4 thoughts on “4 Strategies for Staying Motivated With ADHD

  • January 25, 2016 at 5:48 pm

    Wow. This is me,to a T. I’ve tried for years to explain what this whole shebang is like from the inside, but but your explanation nails it.

    I do have two questions.

    First, I noticed when I was a child that I was never able to think of anything to do to change a situation. If I were at point A and wanted to be at point B, I had the desire,but I could never think of anything to do, no matter how small, that would move me off of point A, let alone get me to B. I’m still like that to a large degree; I just don’t *think* in terms of “goals.” Is that a ADHD, or is it something else? (I was diagnosed ADHD in 1997 (age 34), then ASD in 2014 (age 51).)

    Second, I noticed two things recently. First, whereas I normally get really aggravated and angry, and have to walk away and give up, when faced with, say,a whole day of household chores, I found by accident that playing on Facebook constantly throughout the process short-circuited that response and made it possible for me to keep at the chores for about 9 hours and in short be successful, a very rare thing, believe me. Also, just last week, I discovered that playing with my new kitten, while working on household paperwork with my wife, led to my being much better focused on that paperwork than I usually am. It seems somewhat counterintuitive that a distraction would help focus, doesn’t it? What do you say about that? My working hypothesis is that my attention is focused by the act-and-moment of “switching gears” — cat, papers, cat, papers — and that by doing that *constantly* I kept myself balanced on that thin knife-edge moment when focus was best.

    Reply
    • January 26, 2016 at 2:06 am

      Hi Chris — thanks for commenting! I think the things you describe could definitely be ADHD-related:

      1) People with ADHD have trouble with executive functioning and planning ahead, which can cause us to “react” rather than deciding on actions and goals in advance. When I tried meds the first time, one of the biggest differences I noticed was having “agency” and making more deliberate decisions about what I wanted to do.

      2) Both of these are perfect examples of adding rewards during tasks to help motivation. Rather than just trying to power through tedious tasks you’re mixing them with things you enjoy.
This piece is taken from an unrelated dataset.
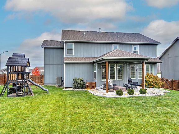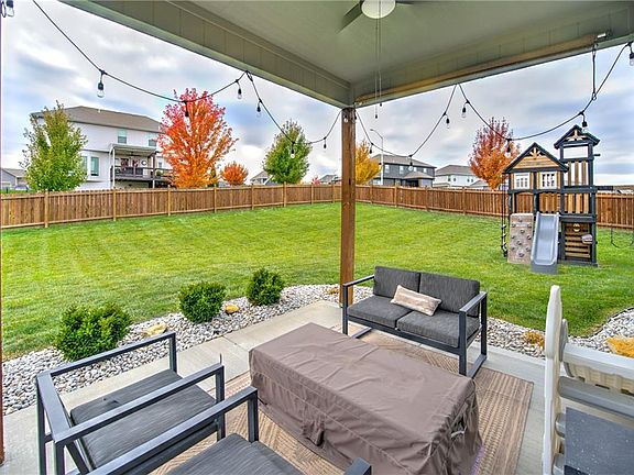 This two-story home, built in 2018, shows the pride of ownership. It looks like new without the wait! Entering you see the hardwood floors and vaulted ceilings, open floor plan and its almost 3,500'. The main level features a formal dining area into the living room, with a beautiful fireplace, large windows for the sun to shine through. And nice built-in shelving. The eat-in kitchen has beautifully painted cabinetry, an island with extra seating, and a large walk-in pantry with a nice 1/2 bath on the main level. From the kitchen, you can access the covered patio, an ideal space for entertaining and watching the kids and pets play in the fenced back yard. Situated on a 0.26-acre lot, the backyard offers nice landscaping, a privacy fence, and nice plants and bushes. Upstairs, the primary suite awaits, complete with a tray-lit ceiling and large windows. The oversized primary bathroom features beautifully tiled floors and shower, a large soaker tub, and a spacious walk-in closet. Also includes two additional bedrooms with a Jack and Jill bath, a 4th bedroom with private suite, and a nice laundry room on this level. The lower level, finished in 2020, incorporates the modern finishes and attention to detail found throughout the rest of the home. It features a tiled wet bar with extra cabinetry, a sink, and quartz counters, and an extra count top perfect for the kids to do homework or just a place to enjoy. A cozy family room and 2nd fireplace. The fifth bedroom/office, with double door entry, and the fourth full bath complete this level, with luxury vinyl plank floors throughout With access to the wonderful amenities Benson Place Fieldstone has to offer and located within the award-winning Liberty School District. This home truly has it all. Come See, Fall in Love and make this your next place to call Home.

I.e., kittens make everything better!

      Reply
      • March 17, 2019 at 9:38 pm

        Neil — thanks for confirming and clarifying the connection between my experienced and observations, and known aspects of ADHD. (Sorry for the delay in this response; I left this page open in a tab but it got buried under literally a couple of hundred others that I am just now getting around to looking through. ADD! ADD! ADD…! …)

        Reply
      • March 17, 2019 at 11:43 pm

        Hey, I’m just glad you finally found this tab. 😛 Thanks for reading and commenting!